Bpifrance was created in December 2012 by bringing together Oseo, CDC Entreprises, the FSI and FSI Regions. Since then, it has become an essential partner for French companies and investors. The state-owned, privately run bank offers all the public financing tools that allow entrepreneurs to think bigger and go further. Last year, more than 80,000 businesses of all sizes, from startups to large caps, have received more than € 24 billion in investments, loans and guarantees.
First of all, Bpifrance, which is deeply rooted with its 48 branches across France, acts as a public-sector bank and finances projects that are considered to be more risky, because they are very innovative or involve SMEs. But the French member of the EUREKA network is also one of the biggest European investment funds, managing more than € 26 billion, including stakes in Orange, Peugeot and a lot of smaller companies. Finally Bpifrance stimulates export by insuring French companies and their foreign clients.
“We are clearly stimulating the rejuvenation of the French economy,” says Bpifrance CEO Nicolas Dufourcq. A recent survey shows that half of young French would like to create their own company rather than work for large companies. More and more startups emerge, particularly in biotech, medtech, fintech and renewable energy fields, stimulated by the volume of venture capital that has tripled in France in the last three years. According to CB Insights, Bpifrance is actually the world’s most active sovereign wealth fund investing in private tech companies (in terms of number of operations).
“We act as a social network of businessmen with a bank around it.”

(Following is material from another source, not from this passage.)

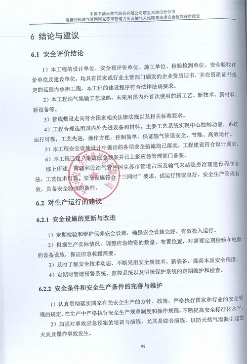 中國石油天然氣股份有限公司塔里木油田分公司南疆利民油氣管網(wǎng)阿克蘇市管道占壓及輸氣末站隱患治理安全驗收評價報告 |

‘At Bpifrance, we think it is not only about money,’ explains Nicolas Dufourcq, who supervises more than 2,500 employees. ‘We act as a social network of businessmen with a bank around it.’ Consulting missions, training and networking days have become an important part of the offer. Bpifrance has set up ‘accelerator-programmes’ meant to coach a group of selected CEOs, during 18 to 24 months, and help them grow their companies.
The bank was also a founding partner of the ‘French Tech’ label in 2013. Associating French startups under a single banner in the face of international competition, this red rooster logo has become very popular, for instance, at the Consumer Electronic Show in Las Vegas, where France has the second largest contingent after the USA. The equivalent for industrial champions, the ‘French Fab’ and its blue rooster, has just been launched by the minister of Economy Bruno Le Maire. The high-tech industry is already growing in France, but the ‘French Fab’ initiative aims to encourage all manufacturers to innovate and modernize to win market share globally.